MATERIAL FOR THIS TASK:
━━━━
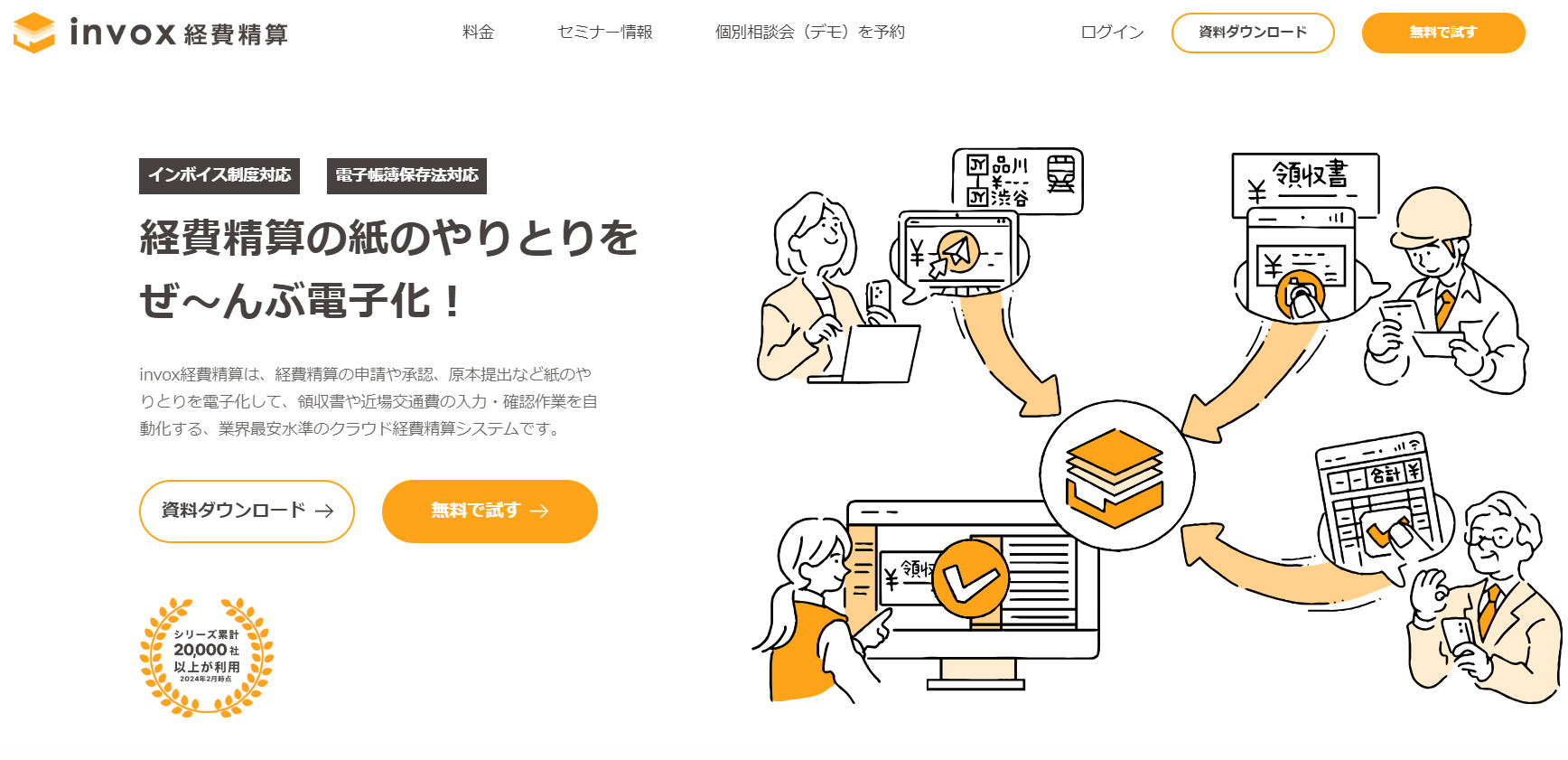 invox経費精算は、経費精算の申請や承認、原本提出など紙のやりとりを電子化して、領収書や近場交通費の入力・確認作業を自動化する、業界最安水準のクラウド経費精算システムです。
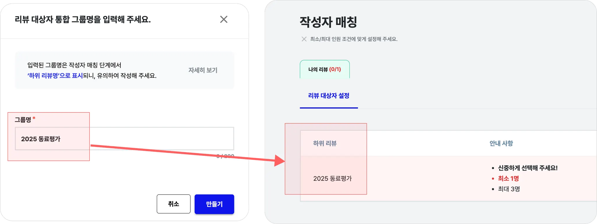 (3) 리뷰 받을 사람 설정: 해당 그룹에서 조정할 피평가자를 지정합니다.
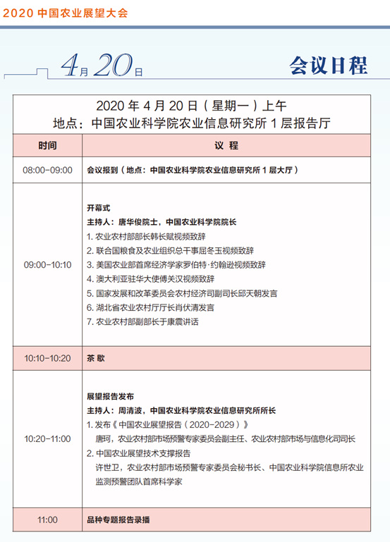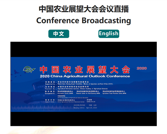 因疫情防控需要,会议采用现场直播的方式举行, 4月20日上午9:00开始直播。视频直播主要通过农视网、中国农业监测预警网进行。也可关注中国农业监测预警微信公众号观看直播。
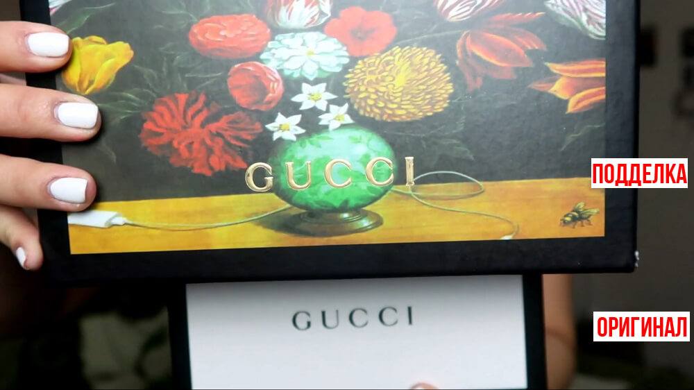 Фирменная коробка Гуччи всегда выполнена в спартанском, лаконичном стиле. Фальсификаторы часто стараются придать привлекательный вид, делая яркую упаковку.
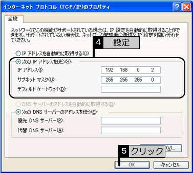 5. [ローカルエリア接続]または[ワイヤレスネットワーク接続]のプロパティ画面に戻りますので、[OK]ボタンをクリックします。
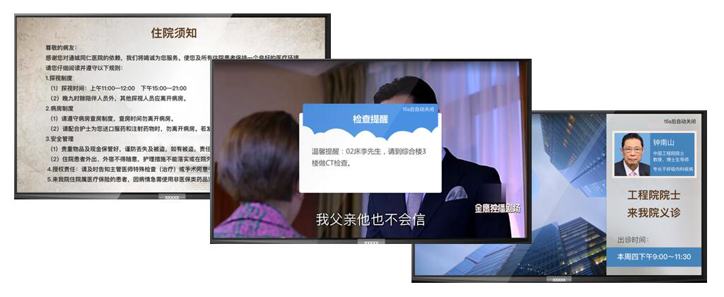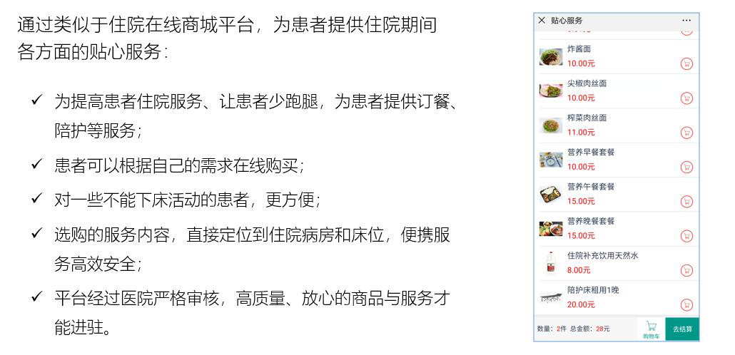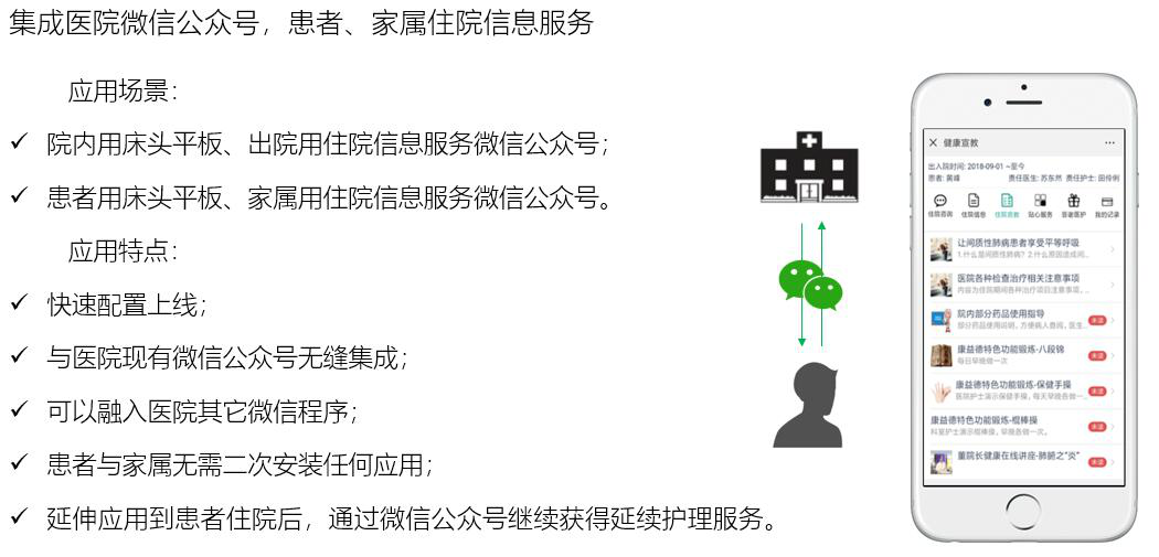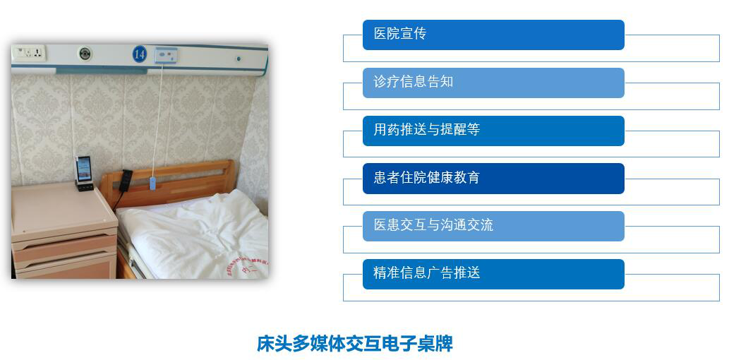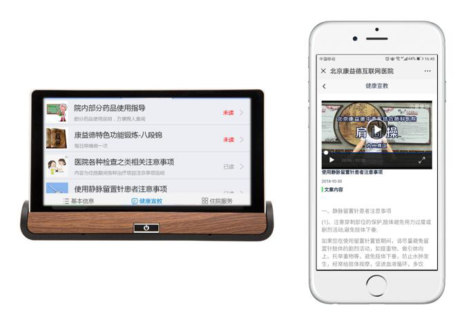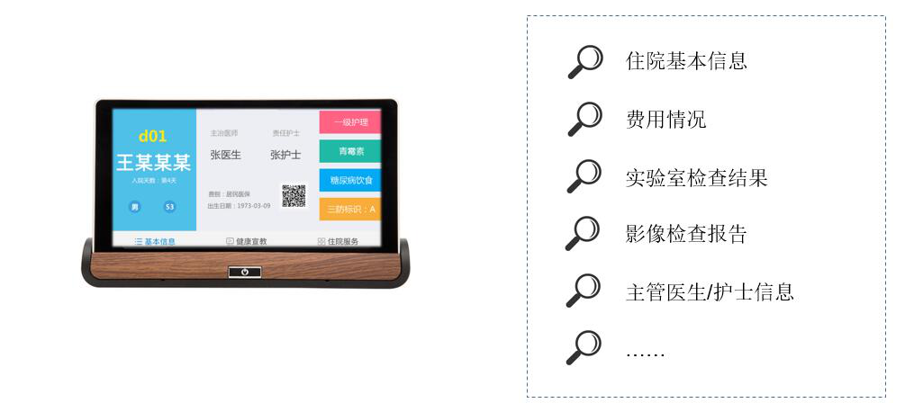 拓展床旁醫(yī)護(hù)、營(yíng)養(yǎng)點(diǎn)餐、患者貼心服務(wù)、醫(yī)患交流、住院宣教、健康指導(dǎo)等功能,改善住院服務(wù)流程,改善患者就醫(yī)體驗(yàn),優(yōu)化醫(yī)患交互,改善醫(yī)療服務(wù)模式,提升智慧醫(yī)療的效率和水平。
━━━━
WHAT IS EXPECTED: Restate exactly the lines that start at the "因疫情防控需要,会议采用现场" line and end with the last line of the material above, leaving out the pictures.

RESPONSE TO THE TASK:
 因疫情防控需要,会议采用现场直播的方式举行, 4月20日上午9:00开始直播。视频直播主要通过农视网、中国农业监测预警网进行。也可关注中国农业监测预警微信公众号观看直播。
 Фирменная коробка Гуччи всегда выполнена в спартанском, лаконичном стиле. Фальсификаторы часто стараются придать привлекательный вид, делая яркую упаковку.
 5. [ローカルエリア接続]または[ワイヤレスネットワーク接続]のプロパティ画面に戻りますので、[OK]ボタンをクリックします。
 拓展床旁醫(yī)護(hù)、營(yíng)養(yǎng)點(diǎn)餐、患者貼心服務(wù)、醫(yī)患交流、住院宣教、健康指導(dǎo)等功能,改善住院服務(wù)流程,改善患者就醫(yī)體驗(yàn),優(yōu)化醫(yī)患交互,改善醫(yī)療服務(wù)模式,提升智慧醫(yī)療的效率和水平。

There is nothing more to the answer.